Сам этот холм проникнут влагой от основания до вершины. Я вспомнил, как, идучи на север через прозрачный полулес, набрел на колодец и затем еще на несколько труб с ржавыми концами — из труб, не переставая, лилась вода. Яснополянский холм есть водяная линза, только не явленная непосредственно в виде подземного озера (я не знаю здешней геологии), но существующая «растворенно» в зыбкой почве. Стоит ткнуть в нее пальцем или вот такой за ржавою трубой, тотчас польется вода.
Это предположение, разумеется, продолжаю я размышлять, съезжая по холму нелепым обелиском, но если в нем есть хоть немного правды, то этот холм обладает потенцией колдовского места. Дохристианские верования всегда были затворены на воде; культовые, обрядовые места располагались непременно близ воды, над источниками, безошибочно указывая подземные скопления влаги или вот такие явные или растворенные водные линзы. Вот она, «вещая» вода, действие которой я испытал на севере, которая дотянулась и сюда, на юг подводным (праисторическим) финским током. Она подстилает, проваливает во времени княжеский холм Ясной.

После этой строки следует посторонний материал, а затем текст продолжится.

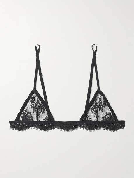 Dolce&Gabbana's bra was part of the Fall Milan '25 runway, which featured romantic lingerie accents. Designed with soft cups, this micro triangle style is made from cotton-blend lace and has a scalloped underband with eyelash trims. The fully adjustable straps ensure a custom fit.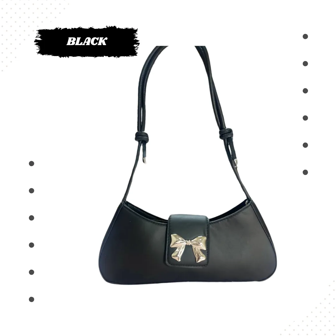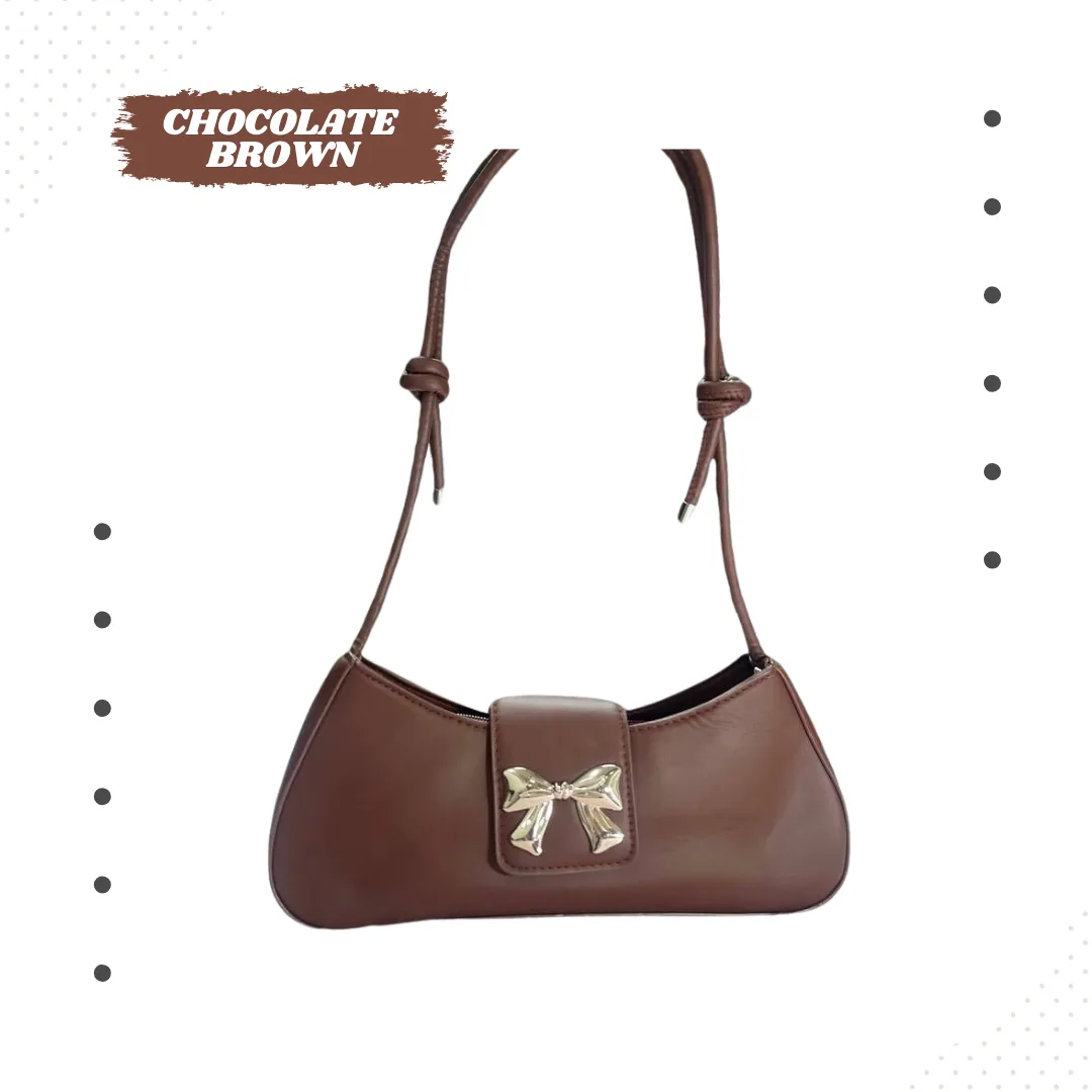 আপনার আভিজাত্য এবং স্টাইলকে ফুটিয়ে তুলতে নিয়ে এলাম এই এক্সক্লুসিভ বাগেট শোল্ডার ব্যাগ। এটি প্রিমিয়াম কোয়ালিটির সিন্থেটিক লেদার দিয়ে তৈরি এবং এর সামনের দিকে থাকা মেটালিক বো (Bow) ডিজাইনটি ব্যাগটিকে দেয় একটি লাক্সারি লুক।

Вдруг я вспомнил про Алпатыча, незаметного героя «Войны и мира», лысогорского управляющего, старого слугу старого князя. Крестьяне считали его колдуном: так, как будто посмеиваясь, пишет Толстой, Алпатыч, по мнению крестьян, видел под землей воду; этой мистической способностью он цепенил воображение суеверных крестьян. Неизвестно, был ли он колдуном в самом деле, Толстой пишет только о том, как хладнокровно он пользовался этим своим влиянием, приводя народ к повиновению, а также в воспитательных целях[25].
Толстой не зря делает этот акцент. Сам он, взрослый, большой Толстой, может сколько угодно иронизировать над артистическими уловками Алпатыча, но другой Толстой, Лёвушка, помнит: здесь,
Я был прав: здесь истинно Лёвушкино место.